▶ [Information shown]:
╔══
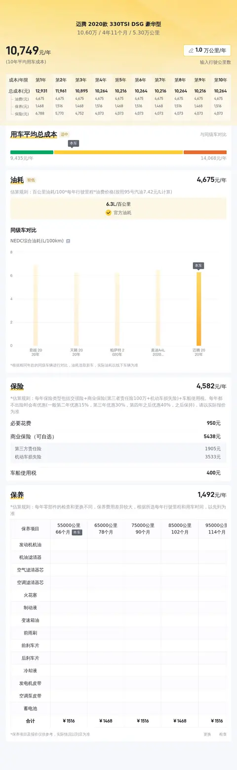 根据懂车帝官方的大数据分析,迈腾 2020款 330TSI DSG 豪华型的10年平均用车成本大约在11,538元/年,而这款车按照每年 1 万公里行驶里程计算,平均油耗约为6.8L/100km,年燃油费用大约5487元。这个用车成本相对来说还是比较合理的,毕竟这款车的性能和配置都比较出色,与同级别车型相比,这款车的燃油经济性也相对较高,因此这样的用车成本是可以接受的。
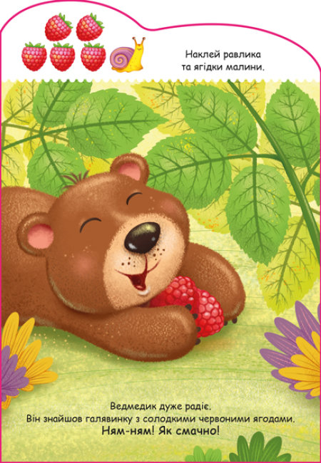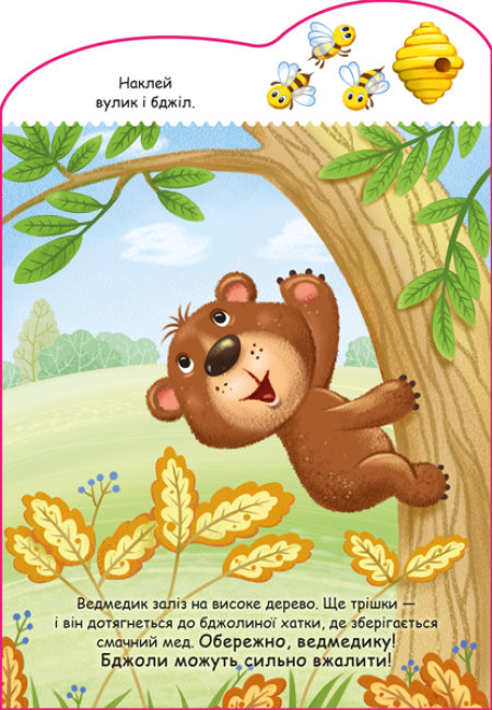 Ваша дитина любить тварин? А наліпки? У книжці вона знайде і те, й інше! Короткі прості сюжети про ведмедика, великі барвисті наліпки, якими малюк доповнить картинки, — з цією книжкою час промайне цікаво й весело! Завдяки багаторазовим наліпкам дитина може щоразу створювати нову картинку і придумувати свою історію.
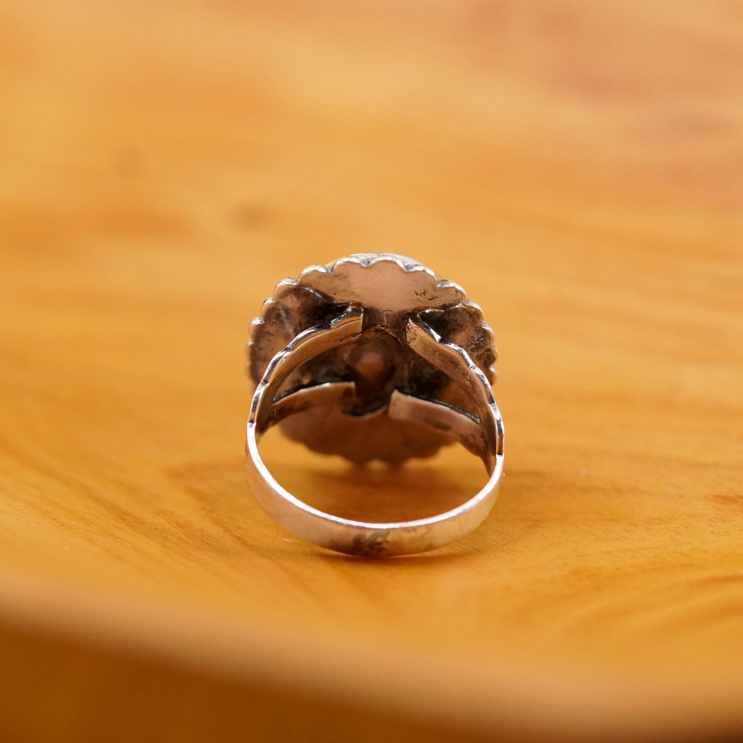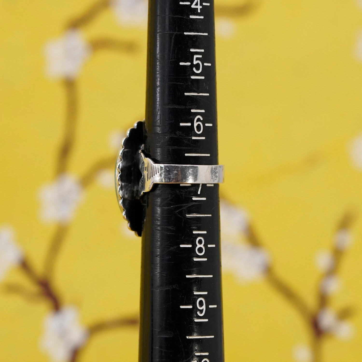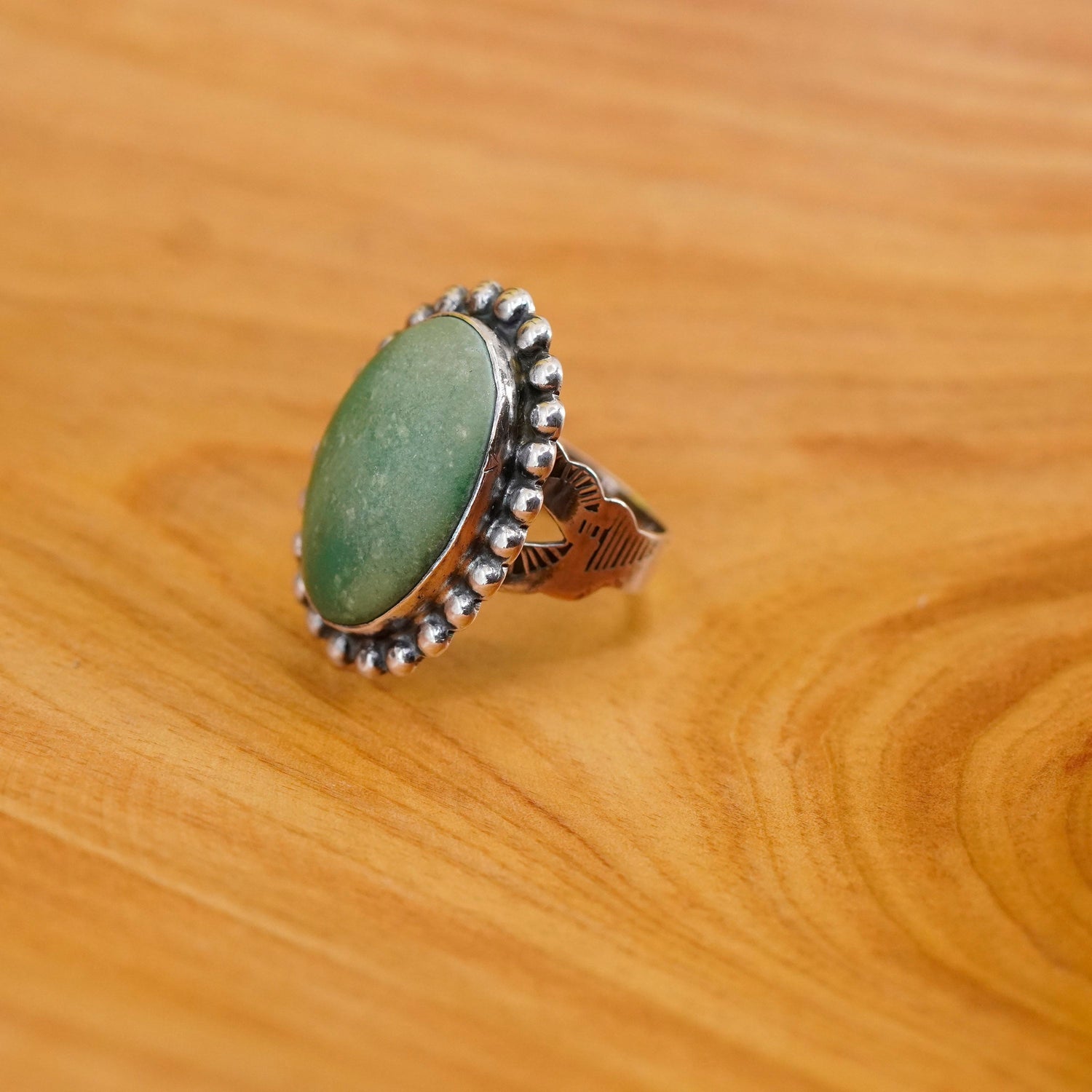 Size 7, vintage Sterling 925 silver handmade ring with turquoise and beads around, stamped sterling
╚══
▶ [Your assignment]: Restate each line of the material word for word, skipping any picture.

▶ [Reply to the exercise]:
 根据懂车帝官方的大数据分析,迈腾 2020款 330TSI DSG 豪华型的10年平均用车成本大约在11,538元/年,而这款车按照每年 1 万公里行驶里程计算,平均油耗约为6.8L/100km,年燃油费用大约5487元。这个用车成本相对来说还是比较合理的,毕竟这款车的性能和配置都比较出色,与同级别车型相比,这款车的燃油经济性也相对较高,因此这样的用车成本是可以接受的。
 Ваша дитина любить тварин? А наліпки? У книжці вона знайде і те, й інше! Короткі прості сюжети про ведмедика, великі барвисті наліпки, якими малюк доповнить картинки, — з цією книжкою час промайне цікаво й весело! Завдяки багаторазовим наліпкам дитина може щоразу створювати нову картинку і придумувати свою історію.
 Size 7, vintage Sterling 925 silver handmade ring with turquoise and beads around, stamped sterling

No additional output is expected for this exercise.